Task brief: Print all the data below exactly, without images.

Data:

▶

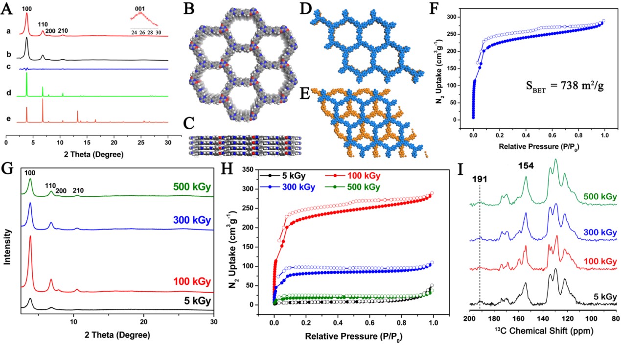 本研究团队从工业化方面入手,致力于目前已有的工业化技术,探索可行的工业化合成路径,解决COFs在工业级规模上合成的难题。辐射技术作为一项成熟的产业化技术,在辐射灭菌、辐射加工、辐射改性等领域具有广泛应用。高能射线与物质相互作用,经历复杂的物理-化学过程后,产生一系列活性物种。在化学材料制备方面,这些活性物种主要用于合成无机纳米颗粒和有机高分子聚合物及高分子材料表面改性,而在结晶多孔材料合成方面仍是一片空白且传统观点认为高能射线仅仅只能破坏晶体材料的长程有序性。基于此,本研究团队经过不断地尝试与摸索,首次用电子束辐照合成出晶态多孔材料COFs。该方法反应条件温和(室温室压)、快速(160 s)、产率高、合成出的COFs纯度高、结晶性能优异(图1)。该方法也具有普适性,不仅适合于典型的刚性COFs,而且也适合于传统方法难以合成的新的柔性COFs,也适合其它更为传统的多孔晶态材料(MOFs和沸石)的合成。
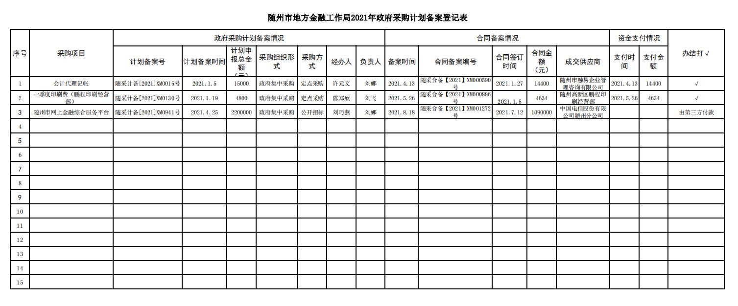 隨州市地方金融工作局2021年政府采購計劃備案登記表
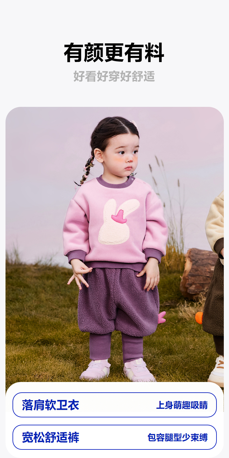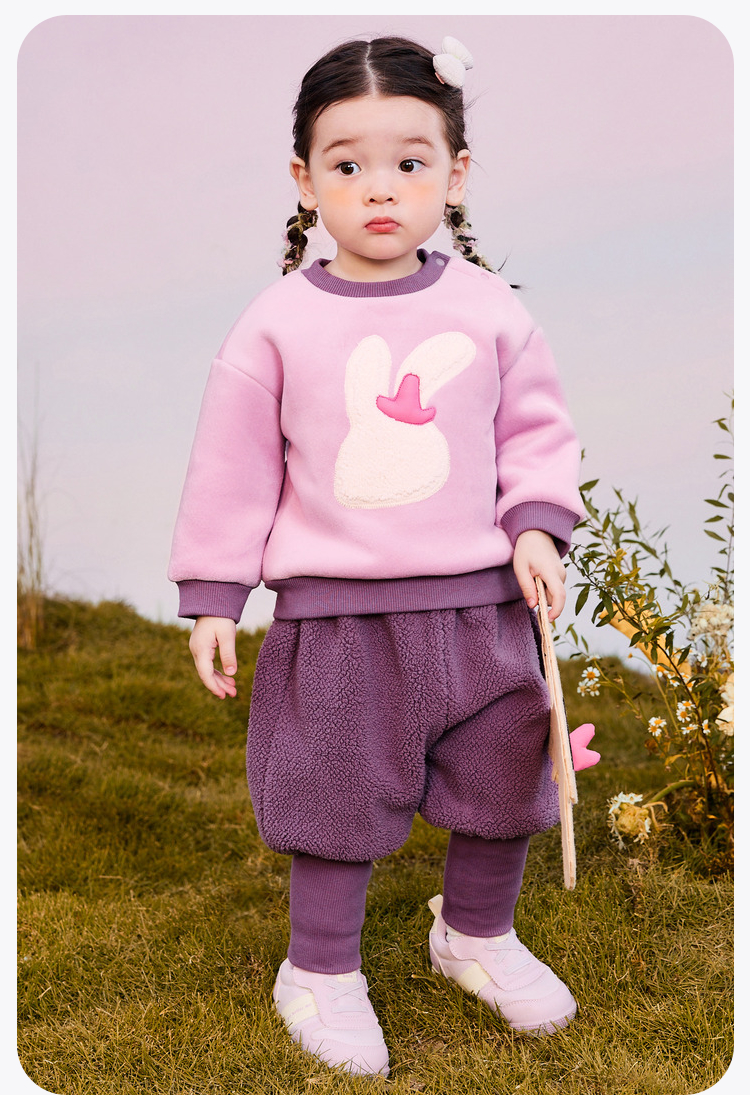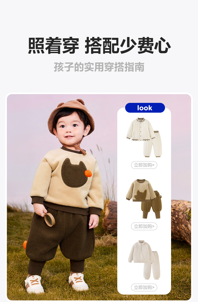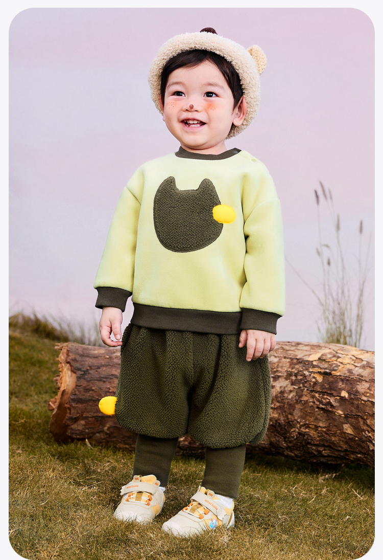 【暖芯绒】迷你巴拉长袖套装男女童宝宝双面宽松萌趣毛绒两件套

◀

Exercise response:
 本研究团队从工业化方面入手,致力于目前已有的工业化技术,探索可行的工业化合成路径,解决COFs在工业级规模上合成的难题。辐射技术作为一项成熟的产业化技术,在辐射灭菌、辐射加工、辐射改性等领域具有广泛应用。高能射线与物质相互作用,经历复杂的物理-化学过程后,产生一系列活性物种。在化学材料制备方面,这些活性物种主要用于合成无机纳米颗粒和有机高分子聚合物及高分子材料表面改性,而在结晶多孔材料合成方面仍是一片空白且传统观点认为高能射线仅仅只能破坏晶体材料的长程有序性。基于此,本研究团队经过不断地尝试与摸索,首次用电子束辐照合成出晶态多孔材料COFs。该方法反应条件温和(室温室压)、快速(160 s)、产率高、合成出的COFs纯度高、结晶性能优异(图1)。该方法也具有普适性,不仅适合于典型的刚性COFs,而且也适合于传统方法难以合成的新的柔性COFs,也适合其它更为传统的多孔晶态材料(MOFs和沸石)的合成。
 隨州市地方金融工作局2021年政府采購計劃備案登記表
 【暖芯绒】迷你巴拉长袖套装男女童宝宝双面宽松萌趣毛绒两件套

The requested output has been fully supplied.